Forced to specify local dependency headers path. I'm also not sure is there an option to specify searchPath for remote dependency.

Now only option to work with c++ headers is embedding them into modulemap.map I suppose. But it won't help in case any of imported headers has include of another header, because it expects well known directory structure.

Steps to reproduce

  1. Try to build package with similar manifest.
    let package = Package(
    name: "sdk",
    products: [
        // Products define the executables and libraries a package produces, making them visible to other packages.
        .library(
            name: "sdk",
            targets: ["sdk"]),
    ],
    targets: [
        .target(
            name: "sdk",
            dependencies: [.target(name: "sdk-objc++")]
        ),
        .target(
            name: "sdk-objc++",
            dependencies: [.targetItem(name: "LibCpp", condition: .none)],
            cxxSettings: [
                .headerSearchPath("../../LibCpp.xcframework/ios-arm64/LibCpp.framework/Headers"),
            ]
        ),
        .binaryTarget(
            name: "LibCpp",
            path: "LibCpp.xcframework"
        )
    ],
    cxxLanguageStandard: .cxx14
    )

Where LibCpp some c++ framework with Headers dir.

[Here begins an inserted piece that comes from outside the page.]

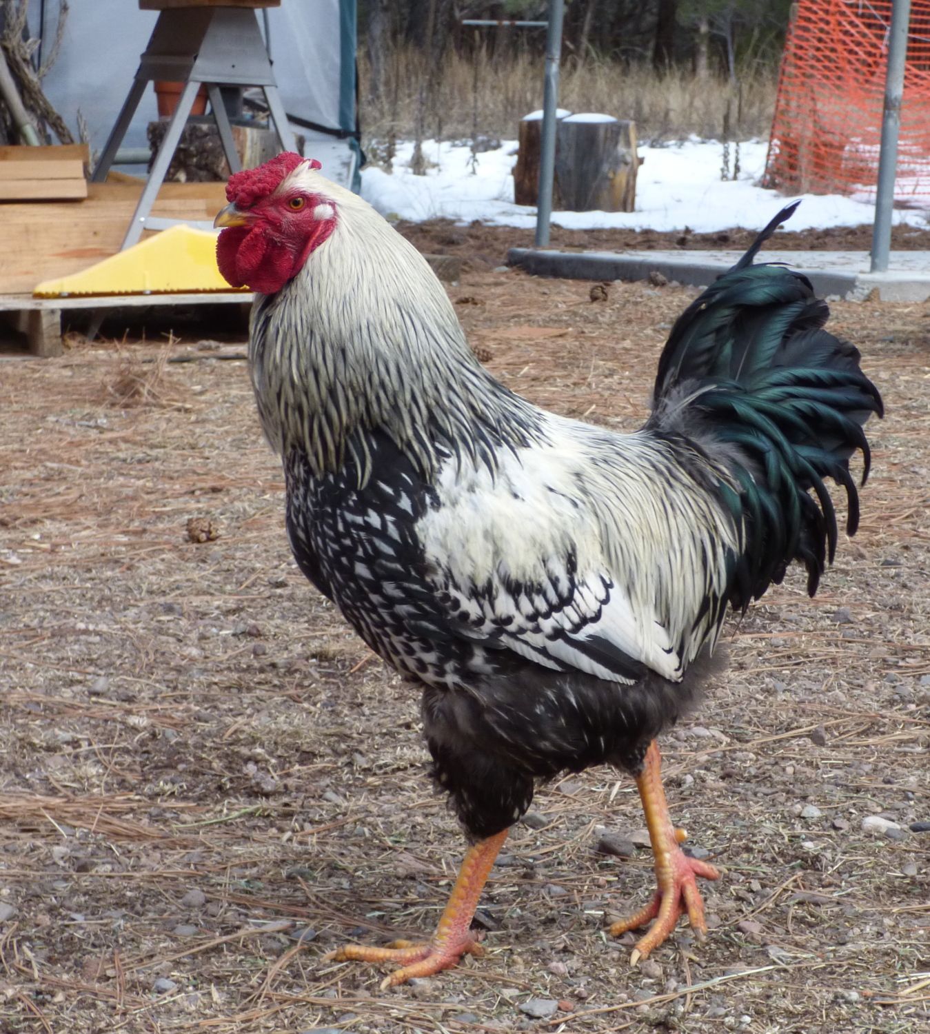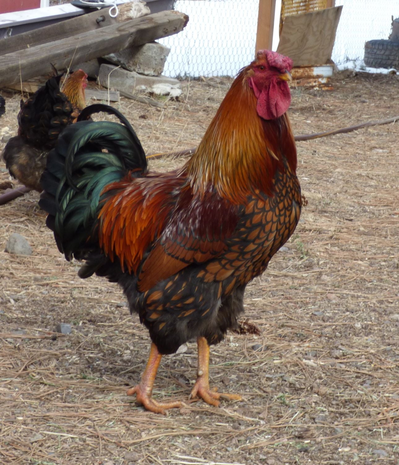 I have a mixed flock of gold and silver wyandottes - 9 pullets (6 gold and 3 silver) and 2 roos (1 each color), they turn 8 months old tomorrow. I know it needs to be 1 roo to the 9 females but I'm not sure the best way to decide. They all came together from Mcmurray hatchery as day old chicks so they all grew up together. It was a straight run and we put 9 cockerels in the freezer - that was hard enough! And we were hoping hoping we could keep one gold and one silver roo for the hens. They get along, don't fight but they are already making me get saddles for a few hens, and it's not even springtime yet. How do you guys decide? Both roos (cockerels I know is correct term, but for short roo, ok?) are easy going. Leo the GLW was alpha for the most part, but got a bit of frost bite on his comb and began to retreat from duties. He is fine, his comb is fine just damaged, but when he was concerned about his "headache", Big Blue Roo began very gently taking the girls. Now in 30 days time, the young ladies follow Blue around and Leo always hangs back. Blue is huge, I love his size and we are breeding for meat & eggs - don't care about purebreds for selling or show. Leo is wide between the legs, way more than Blue and I hear that is good for future hens - less egg-bound problems. And Leo is stunning with his long "mane" he really looks like a lion. These are free range all day & locked up at night. Neither roo seems really on top of protecting the flock, but maybe 8 months is too young? The free chick from McM. was an Egyptian Fayoumis and wrote the book on flock protection, but he died unexpectedly.The biggest problem is that I'm liking Blue the best and my partner in crime likes Leo the best.... My last hope is that someone tells me they will get gentler to the females after they get over their teenage rage, but I'm pretty committed now that one of the two needs to go. :-( Help!

Swift Package Manager version/commit hash

swift-tools-version: 5.9

Swift & OS version (output of swift --version && uname -a)

swift-driver version: 1.87.3 Apple Swift version 5.9.2 (swiftlang-5.9.2.2.56 clang-1500.1.0.2.5) Target: arm64-apple-macosx13.0 Darwin s-a-bakulin-x 22.6.0 Darwin Kernel Version 22.6.0: Fri Sep 15 13:41:28 PDT 2023; root:xnu-8796.141.3.700.8~1/RELEASE_ARM64_T6000 arm64

ryansburgoyne commented 3 weeks ago

I have run into this as well. The only workaround I found was to copy the headers into LibCppHeaders at the root of the package and use .headerSearchPath("../../LibCppHeaders").